= Adrian Julius Tillmann =

German actor

Adrian Julius Tillmann (born 1997) is a German actor. He is also active as a musician under the stage name Ritter Lean, and is known for collaborating with rapper Ski Aggu.

== Career ==

Tillmann has appeared in numerous episodes of German television shows. He is most well known for playing the lead role of Jasper in the Netflix original series Biohackers. He has also appeared in the long-running German crime series Tatort, episode Tatort: Das Herz der Schlange ("The Heart of the Snake").

His first musical releases under the pseudonym Ritter Lean (a reference to Ritalin) appeared on SoundCloud. Starting in 2018, he also featured on the first songs by Ski Aggu, whom Tillmann encouraged to pursue a music career.
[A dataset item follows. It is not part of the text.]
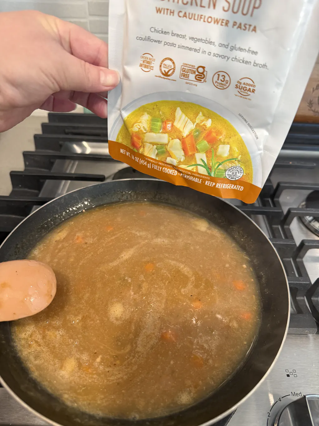 Water, Chicken (Boneless Skinless Chicken Breast, Water, Vinegar, Yeast Extract, Sea Salt, Cultured Onion Juice, Black Pepper, Citrus Extract), Cauliflower Pasta (Water, Potato Starch, Tapioca Starch, Cauliflower Powder, Whole Egg, Egg White, Xanthan Gum, Konjac, Salt), Carrots, Celery, Onion, Chicken Stock (Chicken Stock, Salt), Chicken Fat (Water, Chicken, Carrots, Rosemary Extract), Tapioca Starch, Yeast Extract, Chicken Stock Concentrate (Chicken Stock, Salt, Natural Flavor, Yeast Extract, Sugar, Chicken Fat), Dried Chicken Broth, Cultured Onion Juice, Xanthan Gum, Parsley, Spices.

In 2023, he released his debut single, Einsame Insel. In the same year, his first EP, Auch ein Atze muss mal weinen, was released on the Jungeratze and Bamboo Artists labels.

In February 2025, Tillmann released his first full-length album Stell dir vor, which debuted at number 5 on the German music charts.

He has played at large music festivals, primarily in Germany, including Lollapalooza Berlin and Dockville.

== Personal life ==
Adrian Tillmann was born in Berlin in 1997. He completed his acting studies in Potsdam at the Konrad Wolf Film University of Babelsberg in 2020.
Outside of music, Adrian follows the football club 1. FC Union Berlin, thereby creating the gimmick of a Union Berlin fan, alongside Ski Aggu, a Hertha BSC fan.

He is known for expressing his left-of-center political views on stage through chants against the far-right party in Germany known as the Alternative für Deutschland.